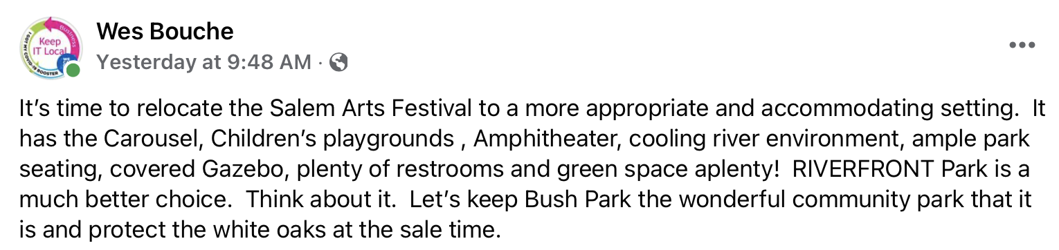 Having been unimpressed with the new Salem Art Fair location in Bush Park — as described in "Salem Art Fair better for trees in new location, but not as pleasant now" — when I saw Wes Bouche's Facebook post, I thought Great idea! ( I assume last two words were meant to be "same time.")
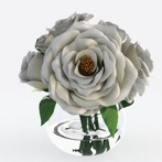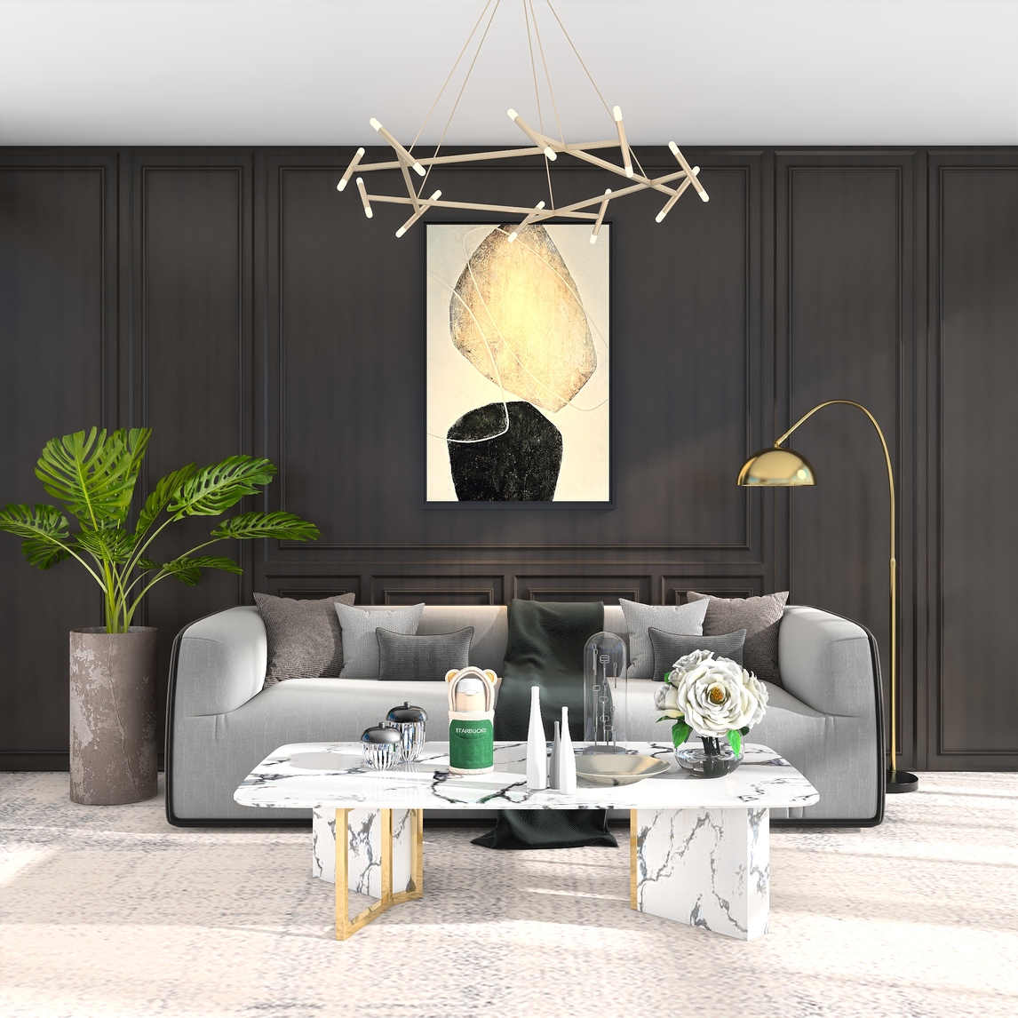 灰色地毯与深木色墙壁的搭配,灰色布艺沙发,爵士白配金属线条大理石茶几,辅以白色玫瑰球的鲜活点缀,让空间尽显高级格调。
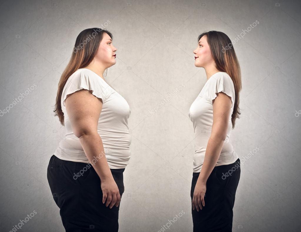 Толстая женщина и стройная женщина на сером backgorund

▶ Work order:
Could you output the entire listing verbatim while omitting its pictures?

▶ Solution to this task:
 Having been unimpressed with the new Salem Art Fair location in Bush Park — as described in "Salem Art Fair better for trees in new location, but not as pleasant now" — when I saw Wes Bouche's Facebook post, I thought Great idea! ( I assume last two words were meant to be "same time.")
 灰色地毯与深木色墙壁的搭配,灰色布艺沙发,爵士白配金属线条大理石茶几,辅以白色玫瑰球的鲜活点缀,让空间尽显高级格调。
 Толстая женщина и стройная женщина на сером backgorund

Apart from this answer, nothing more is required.